Pollution may interrupt reefs' rhythm method ...

十月 22, 1999

Oestrogen pollutants in human sewage may be partially responsible for the decline of the world's coral reefs by interfering with their sexual rhythm.

Researchers have found evidence that the coordination of spawning among the tiny polyps that make up living coral is related to the female sex hormone.

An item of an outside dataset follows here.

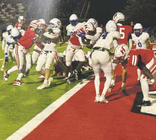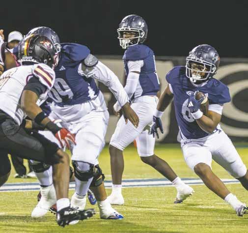 tended the lead to 20–0 with 4:13 left in the third quarter. Valley’s Ayden Shackleford immediately answered by returning the kickoff all the way back for a touchdown. The extra point trimmed the Spartan lead to 20–7 with 3:59 left in the quarter, and that’s how the third ended. Mountain Brook started the final quarter at midfield, and two quick first downs — one on a Hofbauer keeper and another on a pass — set up first-and-10 at the Mountie 15. Hofbauer then hit Smith again for a 14yard touchdown, and the extra point made it 27–7 with 7:52 left in the game. On Valley’s next possession, they went for it on fourth down at their own 25 and turned the ball over. The Spartans drained the clock and continued to move the ball methodically downfield. Trey Vinson capped the drive with a four-yard touchdown run, and with the extra point, the Spartans extended their lead to 34–7 with 1:59 remaining. That would be the final score. Mountain Brook (7–3) clinches second place in the region and will have next week off before the playoffs. Shades Valley (2–7) closes out its season next Thursday with a trip to Tuskegee to take on 4A Booker T. Washington.

Shannon Atkinson, of the Marine Biology Institute at the University of Hawaii, United States, told a conference on environmental hormones in New Orleans on Monday that it is not yet known whether oestrogen is a critical or peripheral element in the sex life of coral. However, if it was significant, then human pollution could be having a catastrophic impact.

"Many island people say that near to populated areas, coral cannot reproduce and the reefs are dying," she said. "We have focused on human sewage and have found much higher levels of oestrogens in the water in these areas," she said.

Together with her husband Marlin, professor of oceanography at the institute, Dr Atkinson has surveyed sex hormone concentrations around reefs across the Pacific, Australia and Florida. She ties this in with discoveries linked to the coral's sexual chemistry itself.

Corals must synchronise their sexual cycle so that gametes are released into the water at the same time. When this happens varies, but usually follows a predictable pattern, which is influenced by the phase of the moon - for example, Australia's Great Barrier Reef spawns four days after the first full moon in November.

Atkinson found that oestrogen levels in the coral tissues rise and fall according to this natural rhythm and are somehow bound up in the process.

"It is probably related to the development of gametes, though we cannot positively say this yet," she said. She speculated that should this prove to be the case, it is possible that oestrogen pollution from human sewage was interfering with this cycle and wrecking the coral's attempts at reproduction.